Going through life without the bottom part of its trunk cannot be easy for this elephant.

Monitoring the health of free ranging wild animals is one of the toughest challenges for conservationists and wildlife managers.  If the animal is a highly mobile animal like the elephant, then, it is near impossible.  Unless the animal had been made immobile due to a debilitating wound or situation, to track an injured wild animal even with the slightest mobility is a daunting task.

By serendipitous events we have found that remote cameras could be an effective technology to monitor injured elephants.  But the underlying challenges of finding the injured animal or animals and treating them still remains.  Remote cameras have made it possible for us to identify injured elephants in Wasgamuwa and pass this information to the veterinarians of the Department of Wildlife Conservation.

Camera trapping is one of the most effective field research methods with potential for multiple field applications.  Our remote camera trapping program was first initiated for the sole purpose of studying carnivores.   As time went by, we realized that the camera traps are useful not only to study carnivores but also to gather information on elephants and various other fauna as well.  The cameras are very effective in providing information on the health of elephants, especially to identify elephants that have been seriously wounded or injured or in poor overall physical condition.

A shattered femur means there is little hope for survival but a slow, agonising death.
A shattered femur means there is little hope for survival but a slow, agonising death.

In Wasgamuwa, one of the main threats to wild elephants is trap guns and steel wire snares.  There is a very interesting reason for how and why this is so.  Elephants are landscape architects similar to humans in many aspects.  They are truly the only other species next to humans who can alter their environment very drastically.  Elephants are the road makers of the wild—they are the bulldozers that create the main pathways in the forests and even in human-dominated landscapes.  These paths made by elephants eventually become the main roads for practically all the other animals such as Sambhur, Axis deer, Wild Boar, Leopard, Sloth Bear and even smaller animals such as Civets, Mongooses, Mouse Deer and Fishing, Jungle and Rusty-spotted cats.  Poachers use these paths as well to set their guns and traps and this is how elephants get injured by trap guns and snares.

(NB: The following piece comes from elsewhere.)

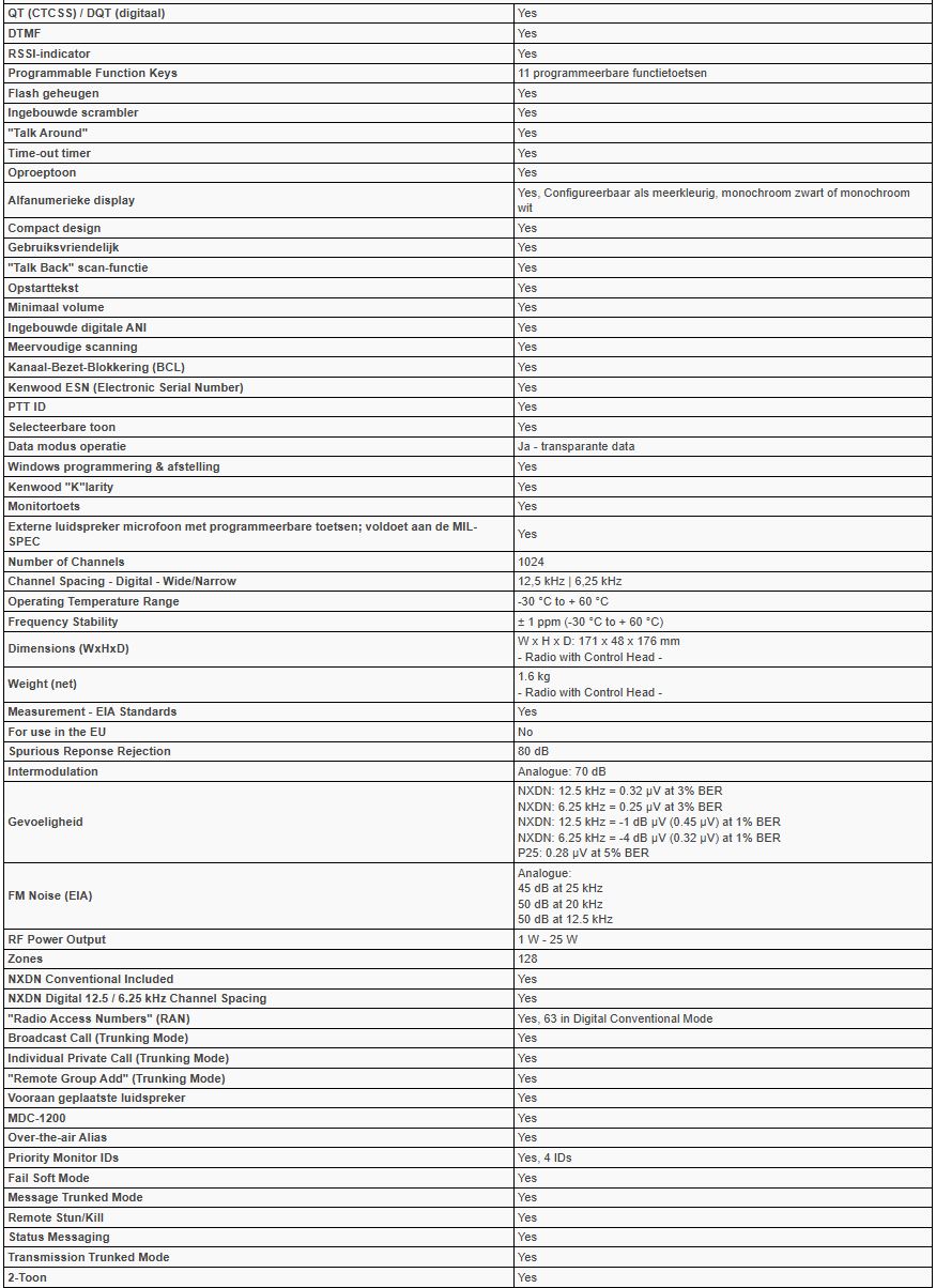 - Gebruiksmodus: Analoog en digitaal met NXDN-protocol

Poaching is epidemic in Sri Lanka and Wasgamuwa is no exception.  Steel snares and trap guns are frequently set along forest paths to kill game such as Sambhur, Axis deer, and Wild Boar.  The height at which these guns are set depends on the chest height of the animal (for a lung or heart shot) the poachers are attempting to kill.  So almost all of these guns are set up at 4 feet or lesser height with the lowest been for wild boar.  Unfortunately elephants become collateral casualties of these traps.

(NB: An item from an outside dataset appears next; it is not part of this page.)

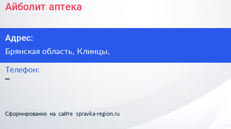 Айболит, аптека по адресу Брянская область, Клинцы, в дальнейшем Организация, размещена в следующих категориях:

Steel snares can eventually lead to the trunk getting severed.
Steel snares can eventually lead to the trunk getting severed.

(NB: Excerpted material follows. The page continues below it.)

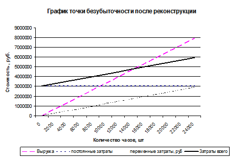 Из таблицы видно, что в связи с реконструкцией автосервиса выручка от реализации услуг возросла на 4 539 273 рубля 85 копеек или на 57,36%. Так же увеличилось число производственных рабочих на 5 человек в связи с добавлением новой услуги по антикоррозионной обработке кузова и введением 2-х сменной мойки. Из-за увеличения числа производственных рабочих увеличился фонд оплаты труда на 989032 рубля 31 копейку или на 48,07%. Так же видно что до реконструкции автосервиса на 1 рубль выручки приходилось 26 копеек заработной платы, а после реконструкции этот показатель снизился на 2 копейки и составляет 24 копеек. Себестоимость услуг возросла на 2 834 626 рублей 34 копейки или на 59,2%, себестоимость продукции выросла больше чем выручка от реализации, это снижение обосновывается тем, что в себестоимость продукции были включена часть процентов по кредиту в размере 525 000 рублей. Это отношение видно из расчета показателя 6, так до реконструкции автосервиса на 1 рубль выручки приходилось 60 копеек затрат, а после реконструкции уже 61 копейка. Чистая прибыль предприятия после реконструкции составит 4 633 859 рублей 16 копеек, что выше суммы чистой прибыли до реконструкции на 1663785 рублей 71 копейку, Такой рост прибыли обосновывается увеличением количества клиентов, за счет грамотно подобранного спектра услуг предлагаемых данным автосервисом и их новшеством. После реконструкции автосервиса выработка одного рабочего составила 691809 рублей 80 копеек, что выше показателя до реконструкции на 83 094 рубля 22 копейки. Этот рост оправдывается тем, что внедряется новый вид услуг по антикоррозионной обработке и как новшество на ранке услуг в Калининградской области он будет пользоваться большим спросом, так же для его стимулирования будет осуществляться маркетинговая политика. Уровень рентабельности остался не низменным. Показатель фондоотдачи снизился на 68 копеек, показатель фондоемкости вырос на 19 копеек и фондовооруженности, так же возросла на 165 492 рубля 24 копейки. Эти изменения обосновываются тем, что предприятие внедрило большое количество нового оборудования, со временем эти показатели изменят свою динамику в лучшую сторону, так как стоимость оборудования будет уменьшаться за счет износа, амортизации. Для реализации проекта необходимо 4 313 991 рубль 25 копеек, срок окупаемости проекта составляет 0,93 года. РР = 4 313 991,25/4 633 859,16 = 0,93 года Предприятие окупит расходы по реализации данного проекта менее чем за 1 год. Это связано с увеличением потока клиентов на 294 автомобиля в год. Проект является эффективным, окупаемость происходит менее чем за год. 4.1 Расчет точки безубыточностиДля оценки и анализа проекта, заключающегося в сопоставлении доходов и расходов, связанных с реализацией данного проекта, рассчитаем критический объем реализации при котором достигаются условия безубыточности. Критический объем реализации рассчитывается по следующей формуле: Q= FC / (p - a), (41) Где Q - критический объем реализации; FC - постоянные затраты; р - цена за единицу; а - переменные затраты на единицу продукции. До реконструкции Q = 1655486,88/ (324,57 - 128,29) = 8434 ч. После реконструкции Q = 3044952,76/ (330,15 - 121,15) = 14 569 ч. Представим графически

Trap guns typically inflict wounds on the lower extremities of elephants’ generally on their limbs from the elbow and knee downwards unless a small calf triggers the gun.  Then it could be lethal for the calf.  If the home made slug goes into muscle then there is a good chance the wound will heal.  But if the slug hits an artery or shatters bone then the elephant is definitely doomed.  A fracture means a protracted death from infection and gangrene.  Once an elephant breaks a major bone there is no chance of it ever healing.  Elephants with shattered knees, ankles and wrists basically rot to their deaths, especially during the wet season, when they are highly susceptible to infection.

Steel snares again are set for game such as Sambhur, Axis Deer and Wild Boar and also to catch smaller game such as barking deer, mouse deer, pangolin and porcupine.  These snares often get entangled in the feet and trunks of elephants.  As it is for other animals, the snares are not life threatening to elephants.  When elephants get entangled in snares they snap the cable from its anchor and drag the cable along or sometimes manage to break it off at the knot.  We have encountered several elephants inside and outside the Wagamuwa National Park dragging cables that were attached to their legs.  Although they are free the cables cause ligatures that eventually cuts into the flesh and becomes embedded in the bone, or in the case of a trunk it might get completely severed.

If these elephants are treated as soon they are encountered many of them can be easily saved before the snares cause mutilating injuries such as severed trunks and rupturing wounds in their limbs.  When spotted, elephants with such injuries should be treated swiftly to ensure they will not suffer unnecessarily.  However, the challenge is the lack of field veterinary facilities to mobilize immediately when such elephants are encountered.  So, tragically, most of these elephants go untreated.  For some with grievous injuries by the time an effort is made to treat them it is too late considering the tremendous challenge of finding them first.

The Sri Lanka Wildlife Conservation Society has set up remote cameras along several major elephant paths to identify and monitor elephants injured from trap guns and snares. The information so gathered is passed on immediately to the veterinarians of the Department of Wildlife Conservation.  Due to these efforts the wildlife department veterinarians have been able to treat vey effectively several of these injured elephants in Wasgamuwa.